2. O acórdão recorrido foi proferido no âmbito de uma providência cautelar não especificada, requerida pela ora recorrente contra B, que a requerente pretendia que fosse processada por apenso à acção de despejo – já finda – contra ela proposta pelo requerido, consistente em que (cfr. requerimento de fls. 2) fosse
'sustado o eventual pedido de execução do despejo do locado a que se referem os autos principais (...) até que o senhorio, aqui requerido, prove nos respectivos autos que efectuou à requerente o pagamento do montante relativo às benfeitorias necessárias, por esta levadas a cabo no locado' e que fosse 'reconhecido à requerente o legítimo exercício do direito de retenção sobre o imóvel locado enquanto não se verificar' tal pagamento. O despacho de fls. 20 determinou a desapensação da providência. Por sentença da Vara Mista de Coimbra, de 16 de Outubro de 2001, de fls. 57, foi negada a providência requerida. Entendeu o tribunal, em primeiro lugar, que não tinha sido invocada qualquer razão que permitisse concluir que o crédito por benfeitorias se encontrasse em perigo se o despejo fosse executado; e, em segundo lugar, que, consistindo a execução do despejo numa execução para entrega de coisa certa, regida pelos artigos 928º a 930º-A do Código de Processo Civil e
59º a 61º do Regime do Arrendamento Urbano, apenas admite como oposição os meios ali previstos, ou seja, respectivamente, a dedução de embargos e a sustação ou suspensão do despejo. Ora, não tendo a requerente pedido a condenação no pagamento das benfeitorias em causa por reconvenção na acção de despejo, não pode depois invocá-las como fundamento nos embargos à execução, como decorre do disposto no nº 3 do artigo
929º do Código de Processo Civil. Quanto à sustação ou suspensão referidas, previstas no Regime do Arrendamento Urbano, o tribunal entendeu não terem cabimento, seja por não estarem preenchidos os requisitos do artigo 60º ('uma vez que se trata da execução de uma sentença judicial que já apreciou os direitos em causa'), seja por não se tratar de arrendamento para habitação (artigo 61º).

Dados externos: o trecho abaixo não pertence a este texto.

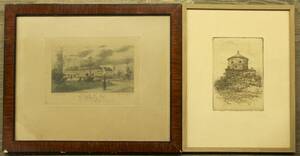Etsningar, 2 st. Stockholmsmotiv + Bohus fästning

3. Inconformada, A recorreu para o Tribunal da Relação de Coimbra. Para o que agora releva, sustentou ser inconstitucional 'o artigo 929º do Código de Processo Civil' porque 'o despejo, a ser concretizado, sem que o senhorio cumpra também a sua obrigação, implicará a perda de alguns postos de trabalho existentes no (...) estabelecimento e colocará em crise o bem-estar e a qualidade de vida desses trabalhadores. Esta situação contende com o artigo 53º da Constituição da República Portuguesa, que garante aos trabalhadores a segurança no emprego, e, bem assim, com o disposto na alínea d) do artigo 9º daquela Lei suprema do nosso ordenamento jurídico'. O Tribunal da Relação de Coimbra, porém, negou provimento ao recurso, confirmando a decisão da 1ª instância, nos seguintes termos:
«Pretende a requerente que o senhorio lhe pague a importância que alega corresponder ao custo das obras por si feitas no locado, e que entende terem a classificação jurídica de 'benfeitorias necessárias'; daí faz derivar o alegado, também, seu direito de retenção sobre o locado benfeitorizado, nos termos dos artºs 754º e 759º, nº1 do Código Civil.
Em tese geral nada obstaria a tal pretensão; só que parece ter esquecido a requerente, que é pressuposto de qualquer providência cautelar não especificada, a alegação – e prova – do concreto 'periculum in mora' na realização da respectiva prestação creditícia.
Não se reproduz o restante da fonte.